### Assignment
Lift out, unaltered, the lines of the material below between the line holding "Smead BCCRN Bar-Style" and the line holding "اصدرت وزارة التربية", counting both.

### Source material
========================

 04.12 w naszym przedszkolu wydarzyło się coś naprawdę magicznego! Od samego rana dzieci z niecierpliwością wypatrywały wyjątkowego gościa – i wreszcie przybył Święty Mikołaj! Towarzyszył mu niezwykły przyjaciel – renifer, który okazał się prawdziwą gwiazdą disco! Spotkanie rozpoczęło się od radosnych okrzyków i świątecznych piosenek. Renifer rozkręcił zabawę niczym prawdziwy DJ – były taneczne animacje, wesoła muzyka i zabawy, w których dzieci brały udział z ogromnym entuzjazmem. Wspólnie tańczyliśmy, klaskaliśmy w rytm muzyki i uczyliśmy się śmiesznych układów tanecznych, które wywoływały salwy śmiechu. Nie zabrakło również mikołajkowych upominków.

========================

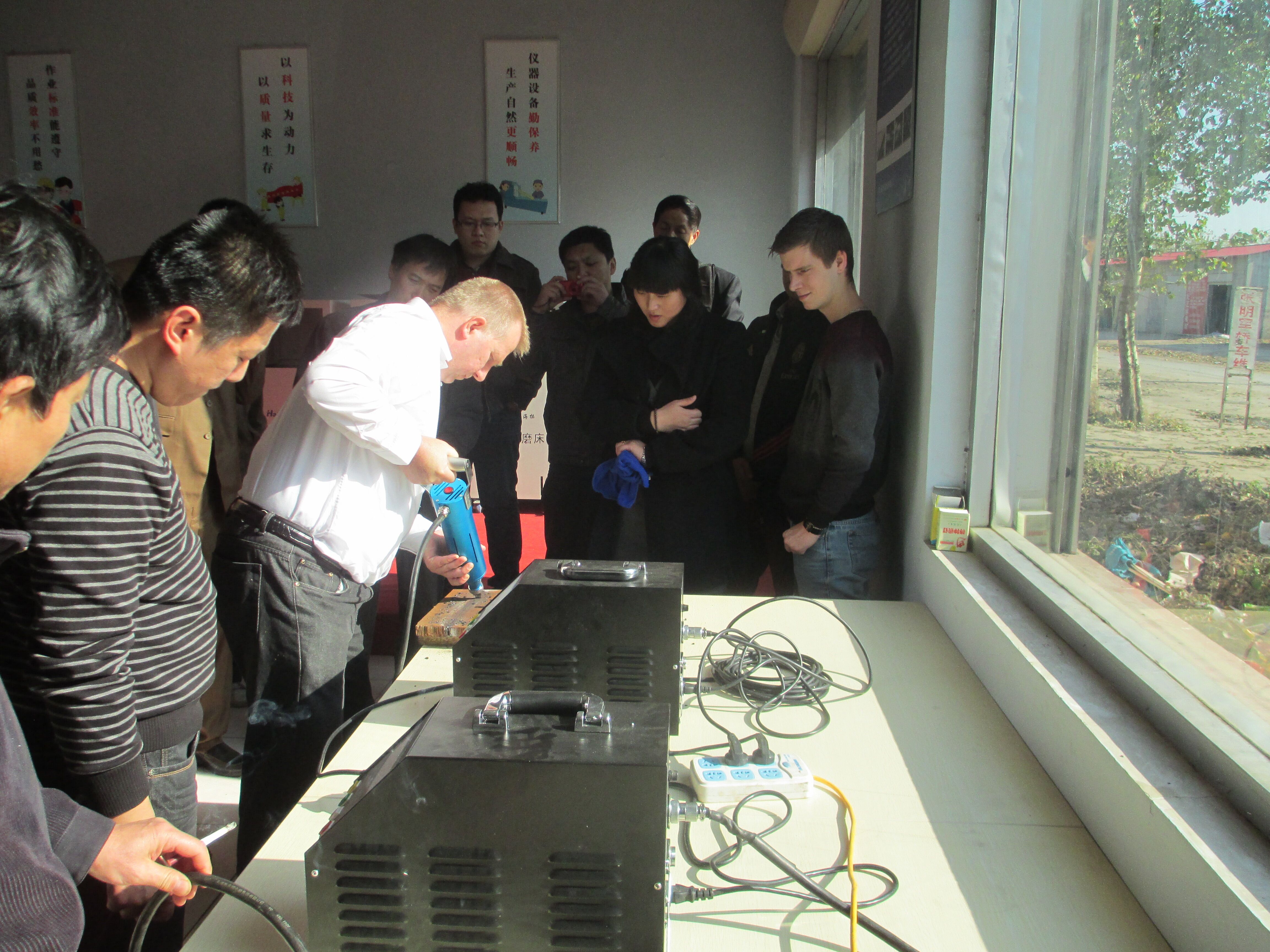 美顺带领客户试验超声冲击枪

========================

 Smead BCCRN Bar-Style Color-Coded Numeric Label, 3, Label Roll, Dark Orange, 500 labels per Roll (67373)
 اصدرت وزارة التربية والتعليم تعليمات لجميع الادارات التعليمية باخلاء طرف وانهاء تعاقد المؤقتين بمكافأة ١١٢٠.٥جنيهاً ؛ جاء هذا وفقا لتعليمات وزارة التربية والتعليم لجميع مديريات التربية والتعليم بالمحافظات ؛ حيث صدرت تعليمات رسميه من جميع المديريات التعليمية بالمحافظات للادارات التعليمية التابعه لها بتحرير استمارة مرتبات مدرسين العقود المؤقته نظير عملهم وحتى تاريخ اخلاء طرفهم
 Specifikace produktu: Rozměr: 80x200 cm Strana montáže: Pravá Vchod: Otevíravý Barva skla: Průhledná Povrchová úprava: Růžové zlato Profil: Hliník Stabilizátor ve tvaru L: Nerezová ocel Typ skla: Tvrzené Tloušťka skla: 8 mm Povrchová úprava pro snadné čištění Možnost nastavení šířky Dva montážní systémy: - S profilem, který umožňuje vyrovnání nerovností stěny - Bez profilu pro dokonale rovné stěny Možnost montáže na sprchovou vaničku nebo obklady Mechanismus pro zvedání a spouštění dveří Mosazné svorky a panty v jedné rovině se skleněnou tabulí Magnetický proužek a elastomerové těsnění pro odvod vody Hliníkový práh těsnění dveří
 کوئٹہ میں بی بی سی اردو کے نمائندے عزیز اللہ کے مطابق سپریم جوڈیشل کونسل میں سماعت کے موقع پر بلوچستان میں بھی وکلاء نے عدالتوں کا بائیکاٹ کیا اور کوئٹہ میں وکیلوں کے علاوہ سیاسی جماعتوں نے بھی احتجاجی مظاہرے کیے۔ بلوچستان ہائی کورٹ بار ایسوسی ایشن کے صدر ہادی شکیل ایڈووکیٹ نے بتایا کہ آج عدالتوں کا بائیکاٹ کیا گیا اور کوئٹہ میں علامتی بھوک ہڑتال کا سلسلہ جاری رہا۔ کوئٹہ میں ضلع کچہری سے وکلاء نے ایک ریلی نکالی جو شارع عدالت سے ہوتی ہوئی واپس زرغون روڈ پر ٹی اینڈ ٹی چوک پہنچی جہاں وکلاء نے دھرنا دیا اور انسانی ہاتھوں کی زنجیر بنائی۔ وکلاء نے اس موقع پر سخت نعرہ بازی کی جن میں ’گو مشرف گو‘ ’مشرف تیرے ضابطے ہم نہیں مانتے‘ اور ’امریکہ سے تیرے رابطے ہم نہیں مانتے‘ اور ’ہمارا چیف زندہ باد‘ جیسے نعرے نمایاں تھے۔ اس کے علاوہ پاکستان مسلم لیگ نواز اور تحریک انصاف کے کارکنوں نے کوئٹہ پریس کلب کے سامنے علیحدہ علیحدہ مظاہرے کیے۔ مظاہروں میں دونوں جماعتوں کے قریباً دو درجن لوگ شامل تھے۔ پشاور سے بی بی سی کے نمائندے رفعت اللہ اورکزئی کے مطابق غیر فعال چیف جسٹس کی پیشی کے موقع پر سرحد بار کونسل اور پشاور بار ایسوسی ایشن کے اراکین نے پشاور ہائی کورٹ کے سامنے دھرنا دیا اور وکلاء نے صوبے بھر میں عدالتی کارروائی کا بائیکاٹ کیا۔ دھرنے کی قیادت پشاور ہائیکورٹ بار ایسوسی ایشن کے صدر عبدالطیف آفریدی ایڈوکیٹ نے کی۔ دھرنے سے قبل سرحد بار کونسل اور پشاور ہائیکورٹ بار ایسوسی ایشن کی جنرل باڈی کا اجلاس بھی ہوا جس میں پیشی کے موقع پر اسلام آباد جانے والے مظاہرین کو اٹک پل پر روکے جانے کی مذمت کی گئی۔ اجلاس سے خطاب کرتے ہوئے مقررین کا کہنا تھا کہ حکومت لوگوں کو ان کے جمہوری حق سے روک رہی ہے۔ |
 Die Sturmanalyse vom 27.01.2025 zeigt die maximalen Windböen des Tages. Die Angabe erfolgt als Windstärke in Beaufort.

========================

### Answer to the exercise
 Smead BCCRN Bar-Style Color-Coded Numeric Label, 3, Label Roll, Dark Orange, 500 labels per Roll (67373)
 اصدرت وزارة التربية والتعليم تعليمات لجميع الادارات التعليمية باخلاء طرف وانهاء تعاقد المؤقتين بمكافأة ١١٢٠.٥جنيهاً ؛ جاء هذا وفقا لتعليمات وزارة التربية والتعليم لجميع مديريات التربية والتعليم بالمحافظات ؛ حيث صدرت تعليمات رسميه من جميع المديريات التعليمية بالمحافظات للادارات التعليمية التابعه لها بتحرير استمارة مرتبات مدرسين العقود المؤقته نظير عملهم وحتى تاريخ اخلاء طرفهم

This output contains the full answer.